Copy every record below exactly as written, but leave out the pictures.

[Records from a data collection]
:::
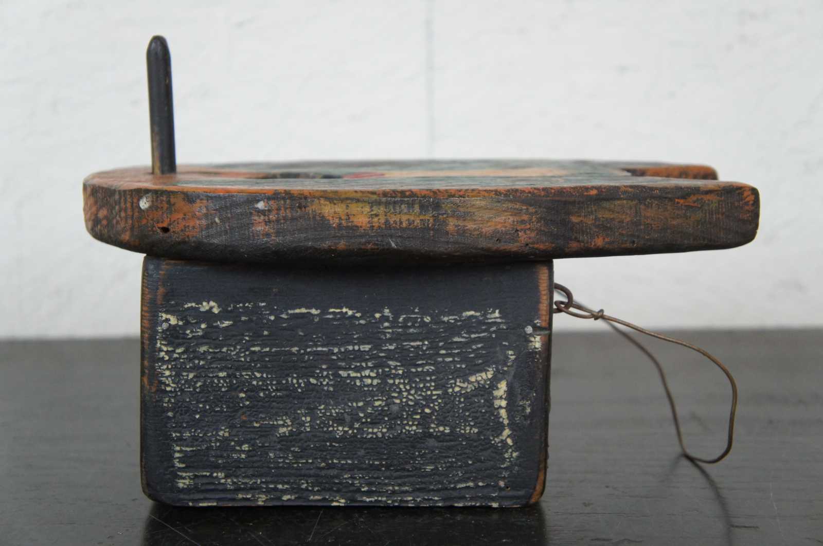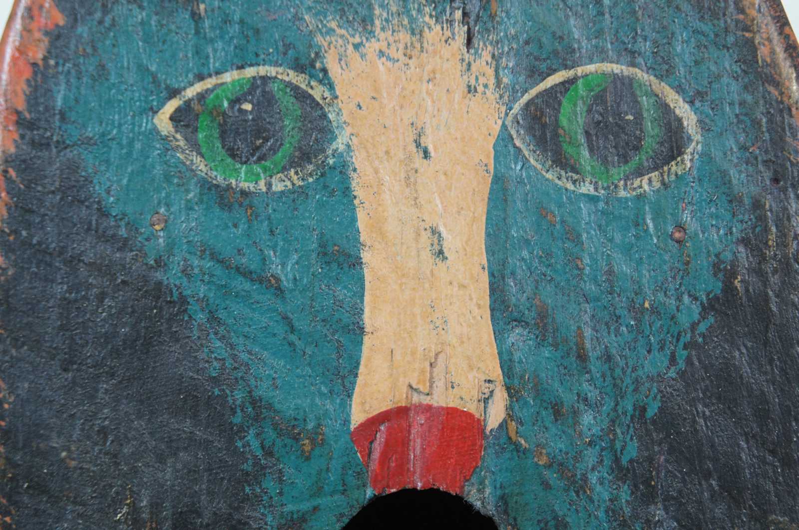 Hand made antique folk art painted wooden birdhouse shaped like a blue, white and black cat’s face.
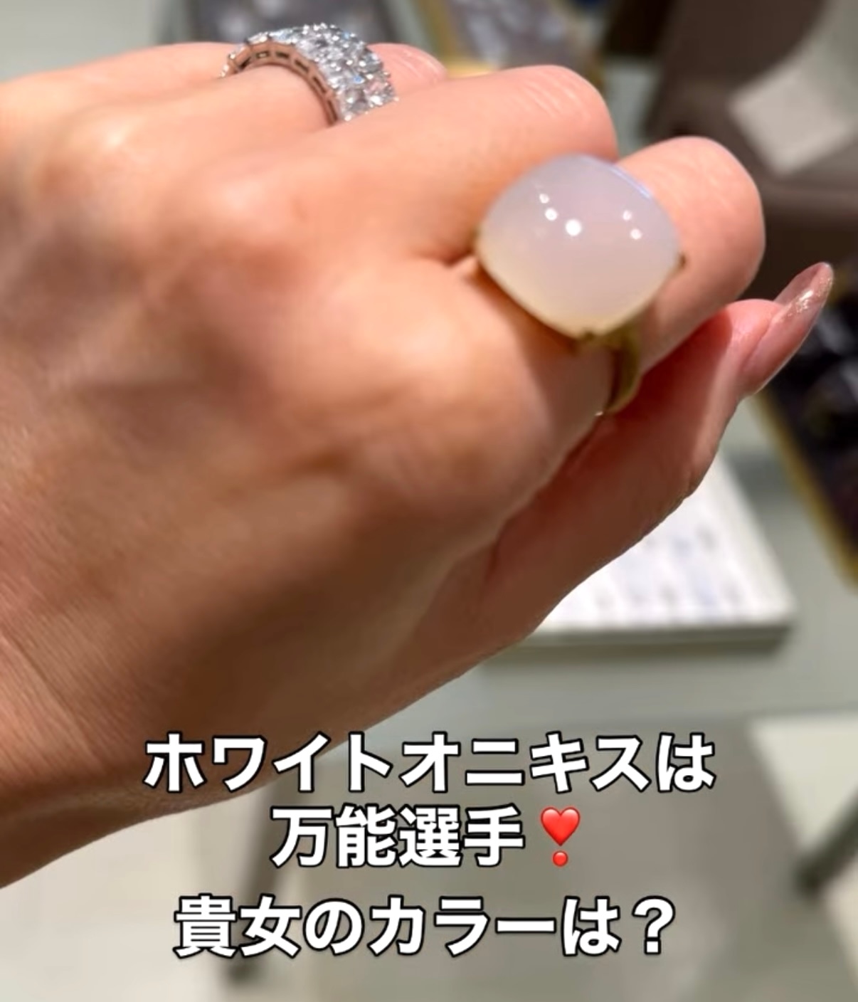 ホワイトオニキスは、どんなお洋服にもマッチしてくれるので万能選手。
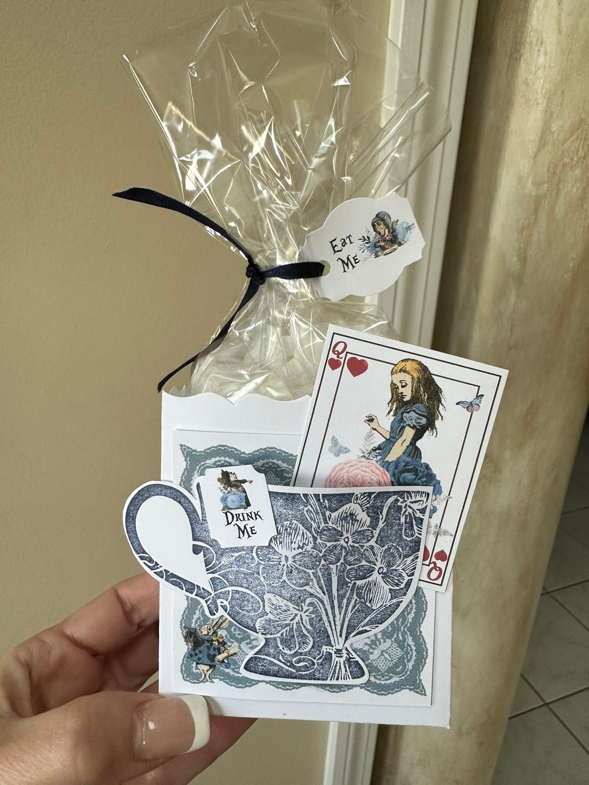 6 Fill My Teacup Navy Blue and Silver Alice in Wonderland tea party favors
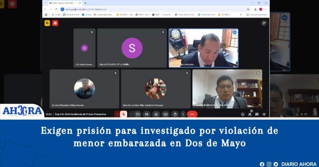 La Segunda Fiscalía Provincial Penal Corporativa de Dos de Mayo ha solicitado ante el Poder Judicial la imposición de nueve meses de prisión preventiva contra Nilo Raúl Huerta Acosta, de 30 años, a quien se le atribuye la presunta comisión del delito de violación sexual de menor de edad, en agravio de una niña de 12 años, hoy gestando producto de los actos denunciados.
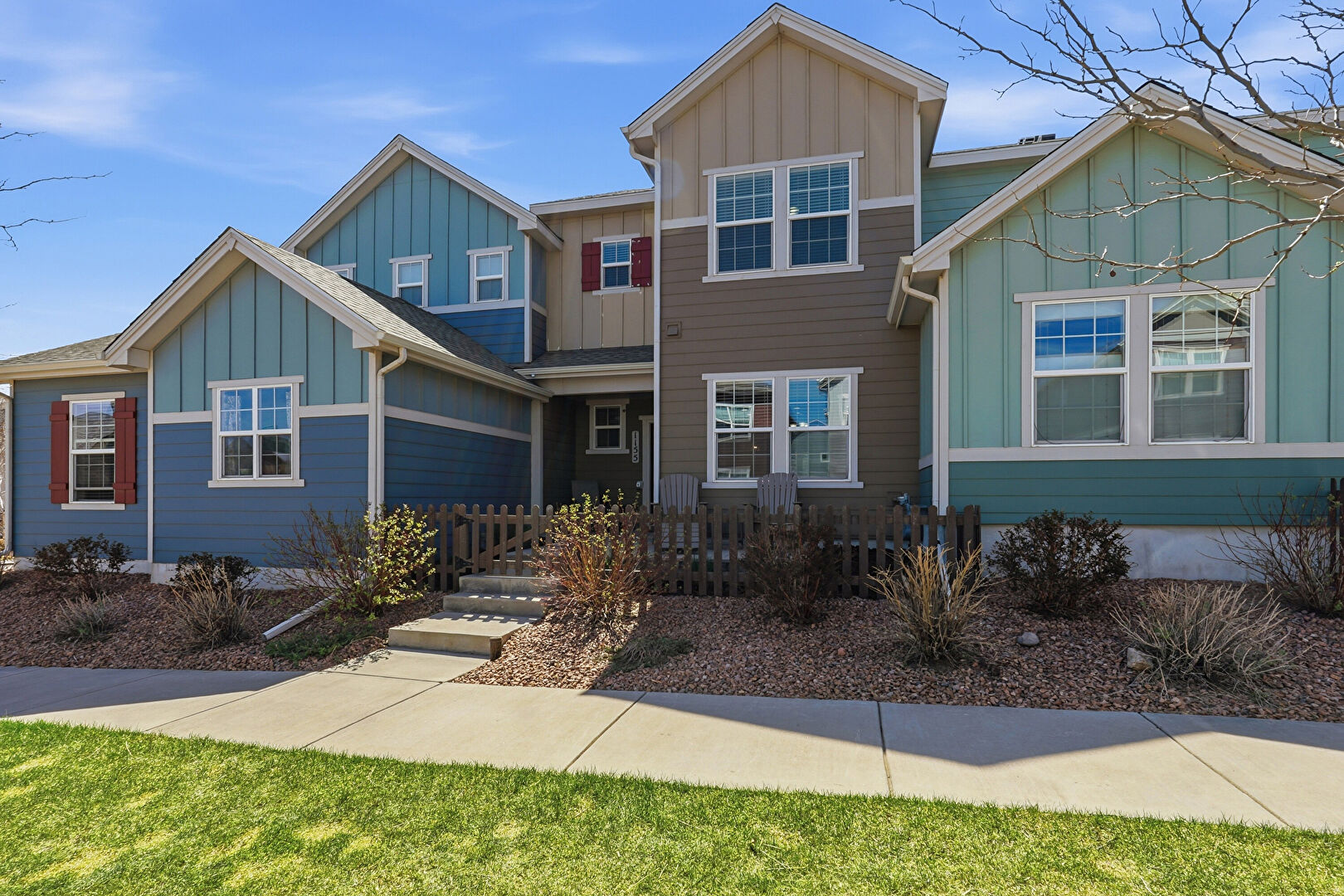 Board Batten Siding, Concrete Foundation, Downspout, Fence, Gas Meter, Gate, Gutters, Horizontal Siding, Lawn, Porch, Shingle Roof, Stoop, Vertical Siding, Fence, Gutters, Horizontal Siding, Porch
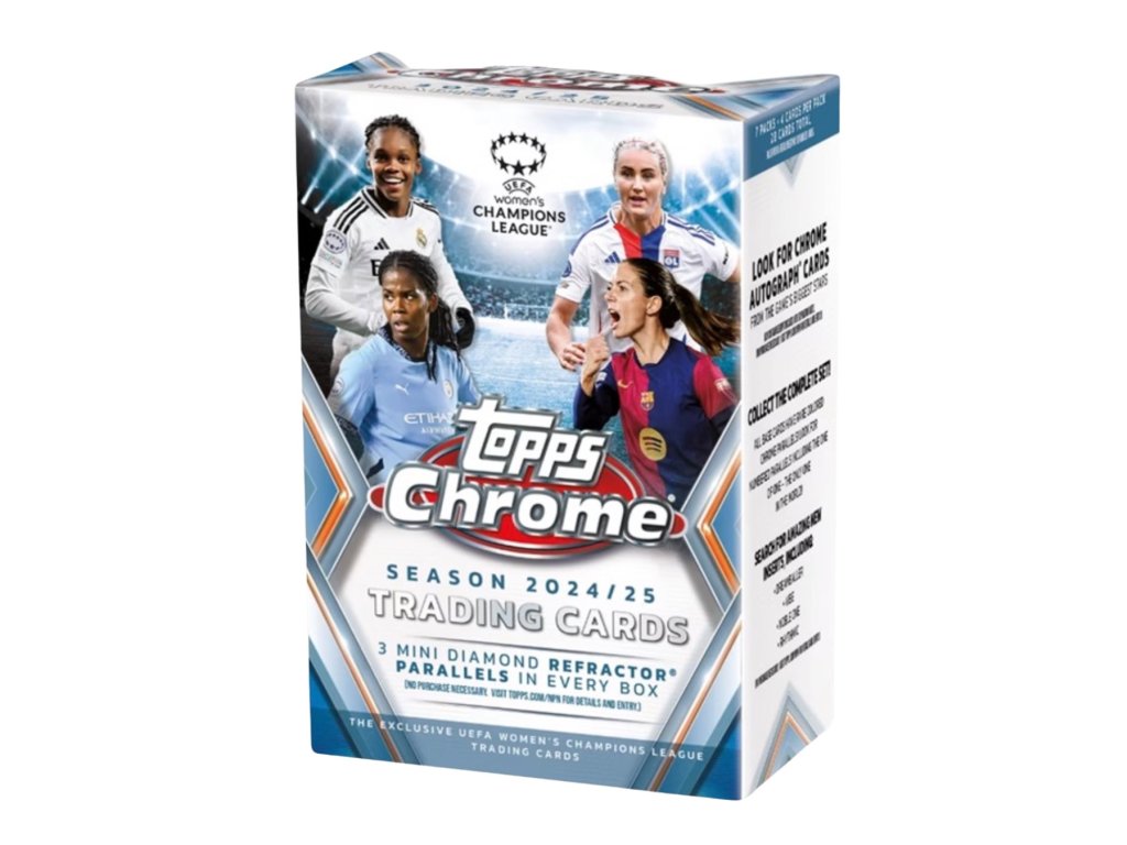 Tento Blaster Box obsahuje 7 Booster balíkov zo sady Topps Chrome 2024/25 - Womens Champion League.
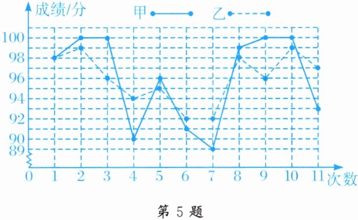 5. 甲、乙两名同学本学年 11 次数学单元测验成绩(均为整数)的统计如图所示:
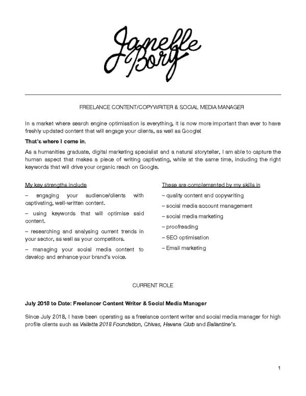 Janelle Borg is an experienced content writer and social media manager with a demonstrated history of working in the creative industries. She has written a range of content, such as SEO copy, blog articles, social media content, PR campaigns, EDMs, press releases, reports, and ebooks. Her past clients include BPC Marketing Agency, Chivas, Ballantine’s, Jameson, Havana Club, J&C Pisani, Wedango, Trackage Scheme, Evently, Loud Women, Get in Her Ears, Revitalise Brighton & Hove, and Future Content.
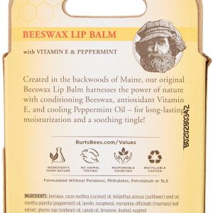 This Burt’s Bees 4 Pc. Vit E & Peppermint Lip Balm Value Pack features vitamin E and peppermint moisturizing beeswax lip balms. Free of parabens, phthalates, petrolatum, and SLS. Cruelty-free. Net wt. 0.6 oz., 0.15 oz. each.
:::
▶ [Expected output]:
 Hand made antique folk art painted wooden birdhouse shaped like a blue, white and black cat’s face.
 ホワイトオニキスは、どんなお洋服にもマッチしてくれるので万能選手。
 6 Fill My Teacup Navy Blue and Silver Alice in Wonderland tea party favors
 La Segunda Fiscalía Provincial Penal Corporativa de Dos de Mayo ha solicitado ante el Poder Judicial la imposición de nueve meses de prisión preventiva contra Nilo Raúl Huerta Acosta, de 30 años, a quien se le atribuye la presunta comisión del delito de violación sexual de menor de edad, en agravio de una niña de 12 años, hoy gestando producto de los actos denunciados.
 Board Batten Siding, Concrete Foundation, Downspout, Fence, Gas Meter, Gate, Gutters, Horizontal Siding, Lawn, Porch, Shingle Roof, Stoop, Vertical Siding, Fence, Gutters, Horizontal Siding, Porch
 Tento Blaster Box obsahuje 7 Booster balíkov zo sady Topps Chrome 2024/25 - Womens Champion League.
 5. 甲、乙两名同学本学年 11 次数学单元测验成绩(均为整数)的统计如图所示:
 Janelle Borg is an experienced content writer and social media manager with a demonstrated history of working in the creative industries. She has written a range of content, such as SEO copy, blog articles, social media content, PR campaigns, EDMs, press releases, reports, and ebooks. Her past clients include BPC Marketing Agency, Chivas, Ballantine’s, Jameson, Havana Club, J&C Pisani, Wedango, Trackage Scheme, Evently, Loud Women, Get in Her Ears, Revitalise Brighton & Hove, and Future Content.
 This Burt’s Bees 4 Pc. Vit E & Peppermint Lip Balm Value Pack features vitamin E and peppermint moisturizing beeswax lip balms. Free of parabens, phthalates, petrolatum, and SLS. Cruelty-free. Net wt. 0.6 oz., 0.15 oz. each.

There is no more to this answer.